- _BRIEF_: Leave out any pictures and transcribe all other data below exactly.

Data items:
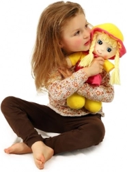 Een schattig stoffen popje met lange vlechtjes en een bloemenhoedje heeft een zacht lichaampje van fijn materiaal en is ideaal om mee te knuffelen, voor in het bedje en voor onderweg. Dankzij het formaat van 35 cm ligt ze ook bij de allerkleinsten goed in de hand en is geschikt vanaf 0 maanden.
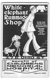 RPPC White Elephant Rummage Shop Advertising 27 E Ohio Street Chicago, Illinois Grover C. Martin Children's Memorial Hospital Poster-Style Art Artist-Signed 1920s 1910s Antique Vintage Rare Postcard. The telephone number "Superior 6846" near the bottom edge of the postcard was used for Chicago during the 1920s.
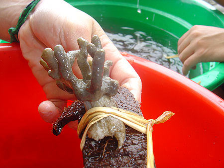Per il fissaggio vengono usate fibre vegetali, che si decomporranno naturalmente dando al corallo molle il tempo di fissarsi al nuovo substrato.
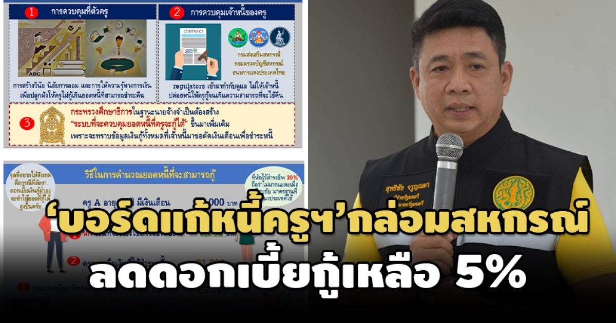 ‘บอร์ดแก้ปัญหาหนี้สินครู’ เร่งแก้ปัญหาหนี้ครู 1.4 ล้านล้านบาท เผยกล่อมสหกรณ์ครู 70 แห่งลดดอกเบี้ย 0.25-1% ลดภาระกว่า 1.7 พันล้าน จับมือ ‘ออมสิน’ รีไฟแนนซ์หนี้ครู ช่วยลดดอกเบี้ย เดินหน้าคุมเพดานก่อหนี้ ลดค่าธรรมเนียมต่างๆ รวมถึงการ ‘ค้ำประกันด้วยบุคคล’ ระบเป็นการสร้างภาระโดยไม่จำเป็น
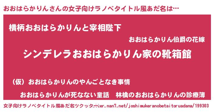 | 意味不明あだ名 | 『住所不定無職おおはらかりん(74歳)』 |
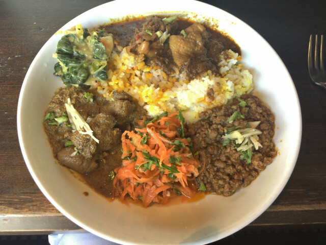 カレーの仕切りになっている副菜2種もちょっと気が効いた感じでカレーにぴったり。ご飯はジャポニカ米なんだけど色がついていて、スパイスも一緒に炊き込んでいるらしい(ターメリック、クミン、カルダモン、シナモン、塩、レッドペッパー、ベイリーフ)

- _EXERCISE RESPONSE_:
 Een schattig stoffen popje met lange vlechtjes en een bloemenhoedje heeft een zacht lichaampje van fijn materiaal en is ideaal om mee te knuffelen, voor in het bedje en voor onderweg. Dankzij het formaat van 35 cm ligt ze ook bij de allerkleinsten goed in de hand en is geschikt vanaf 0 maanden.
 RPPC White Elephant Rummage Shop Advertising 27 E Ohio Street Chicago, Illinois Grover C. Martin Children's Memorial Hospital Poster-Style Art Artist-Signed 1920s 1910s Antique Vintage Rare Postcard. The telephone number "Superior 6846" near the bottom edge of the postcard was used for Chicago during the 1920s.
Per il fissaggio vengono usate fibre vegetali, che si decomporranno naturalmente dando al corallo molle il tempo di fissarsi al nuovo substrato.
 ‘บอร์ดแก้ปัญหาหนี้สินครู’ เร่งแก้ปัญหาหนี้ครู 1.4 ล้านล้านบาท เผยกล่อมสหกรณ์ครู 70 แห่งลดดอกเบี้ย 0.25-1% ลดภาระกว่า 1.7 พันล้าน จับมือ ‘ออมสิน’ รีไฟแนนซ์หนี้ครู ช่วยลดดอกเบี้ย เดินหน้าคุมเพดานก่อหนี้ ลดค่าธรรมเนียมต่างๆ รวมถึงการ ‘ค้ำประกันด้วยบุคคล’ ระบเป็นการสร้างภาระโดยไม่จำเป็น
 | 意味不明あだ名 | 『住所不定無職おおはらかりん(74歳)』 |
 カレーの仕切りになっている副菜2種もちょっと気が効いた感じでカレーにぴったり。ご飯はジャポニカ米なんだけど色がついていて、スパイスも一緒に炊き込んでいるらしい(ターメリック、クミン、カルダモン、シナモン、塩、レッドペッパー、ベイリーフ)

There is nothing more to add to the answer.